Real-time dashboards to evaluate a churn prediction model
A cyber security software provider needed to know whether its churn and downsell prediction model was working in production. QuantSpark built a dashboard suite that replaced slow, ad-hoc analysis with real-time visibility for the board.

model-performance reporting for the board and senior management
Ad-hoc to real-time
- Gave the board and senior management real-time answers on model performance, replacing the ad-hoc analysis that had previously consumed analyst time
- Surfaced where the churn and downsell model was succeeding and where it needed improvement, by region and by customer segment
- Made visible whether customer-success engagement was concentrated on the accounts the model flagged as highest risk
- Paired every dashboard view with a recommended call to action, turning a reporting tool into a governance tool
The problem
The company's churn and downsell prediction model was already live and generating risk scores in production, but the reporting built around it had not kept pace with the deployment. Whenever the board or the C-suite wanted to know how well the model was performing, whether that performance held up across business units and customer segments, or whether the customer-success team was actually engaging the accounts the model flagged as high risk, the only route to an answer was a bespoke, one-off analysis built from scratch each time.
That pattern is a familiar failure mode for models that reach production without persistent monitoring designed in from the start.

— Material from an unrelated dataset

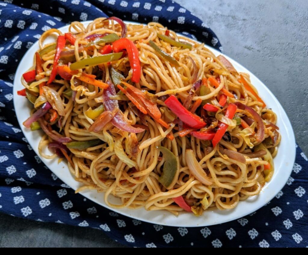 नूडल्स – 200 ग्राम (कोई भी हक्का नूडल्स)तेल – 2-3 टेबल स्पून (तेज स्वाद के लिए थोड़ा ज़्यादा चलेगा)पत्ता गोभी (कटी हुई) – 1 कपशिमला मिर्च – 1 (पतली स्लाइस में कटी हुई)गाजर – 1 (पतली लंबी काटी हुई)हरी प्याज – 2-3 (सफेद और हरा हिस्सा अलग-अलग)अदरक – 1 टीस्पून (बारीक कटा हुआ)लहसुन – 1 टीस्पून (बारीक कटा हुआ)हरी मिर्च – 1-2 (लंबाई में कटी हुई)सॉस और मसाले:सोया सॉस – 1 टेबल स्पूनरेड चिली सॉस – 1 टेबल स्पूनविनेगर (सिरका) – 1 टीस्पूनटोमैटो केचप – 1 टेबल स्पून (ऐच्छिक)नमक – स्वाद अनुसारकाली मिर्च – 1/2 टीस्पून—🍳 बनाने की विधि (Steps)1. नूडल्स उबालनाएक बर्तन में पानी उबालें।उसमें थोड़ा नमक और 1 टीस्पून तेल डालें।नूडल्स को उबालें (लगभग 6-7 मिनट या पैकेट पर दिए निर्देश अनुसार)।जब नूडल्स पक जाएं, तो तुरंत ठंडे पानी में डालें और छान लें ताकि वो चिपके नहीं।2. सब्ज़ियों को भूननाकढ़ाई में तेल गरम करें (तेल थोड़ा ज़्यादा रखें ताकि स्ट्रीट स्टाइल स्वाद आए)।पहले अदरक, लहसुन और हरी मिर्च डालें – हल्का भूनें।फिर हरे प्याज का सफेद हिस्सा डालें।इसके बाद गाजर, शिमला मिर्च और पत्ता गोभी डालें।तेज़ आंच पर 2-3 मिनट तक भूनें ताकि सब्ज़ियाँ हल्की कुरकुरी रहें।3. सॉस और मसाले मिलानाअब इसमें सोया सॉस, चिली सॉस, विनेगर, केचप, नमक और काली मिर्च डालें।अच्छी तरह से मिलाएं।4. नूडल्स डालनाउबले हुए नूडल्स डालें।सब्ज़ियों और सॉस के साथ अच्छे से मिक्स करें (चम्मच या चॉपस्टिक से हल्के हाथ से मिलाएं)।ऊपर से हरे प्याज का हरा हिस्सा डालें।5. तैयार!गरमा-गरम चाऊमीन को प्लेट में निकालें और परोसें।—

A model's accuracy in testing says little about how it behaves once it is live across different regions, segments and shifting customer behaviour, and without instrumentation built for the purpose, every governance question becomes billable analyst time rather than a repeatable answer. For a board trying to hold a model accountable, that is a slow and expensive way to get comfortable, and it leaves the gap between deployment and evidence of impact open for as long as the ad-hoc pattern persists.
How we delivered it
Map the real questions
QuantSpark worked with the company's data science team and senior management to identify the actual business questions and user journeys the dashboards needed to answer, rather than starting from whatever data happened to be available.
Agree the metrics that mattered
Fixed the metrics for model governance: precision and recall over time, performance broken down by region and customer segment, and the underlying signals driving individual risk scores.
Engineer a reliable data layer
Used DBT and Snowflake to build well-structured, transformed tables from the raw model outputs and business data, creating a dependable foundation rather than reporting built directly on messy source tables.
Build the dashboard suite
Designed and built real-time dashboards on top of that data layer, covering model performance and its drivers, sliced by the regional and segment dimensions the business actually cared about.
Connect model output to customer-success action
Added a dedicated view tracking whether customer-success engagement was concentrated on the accounts the model flagged as highest risk, linking model output to the process meant to act on it.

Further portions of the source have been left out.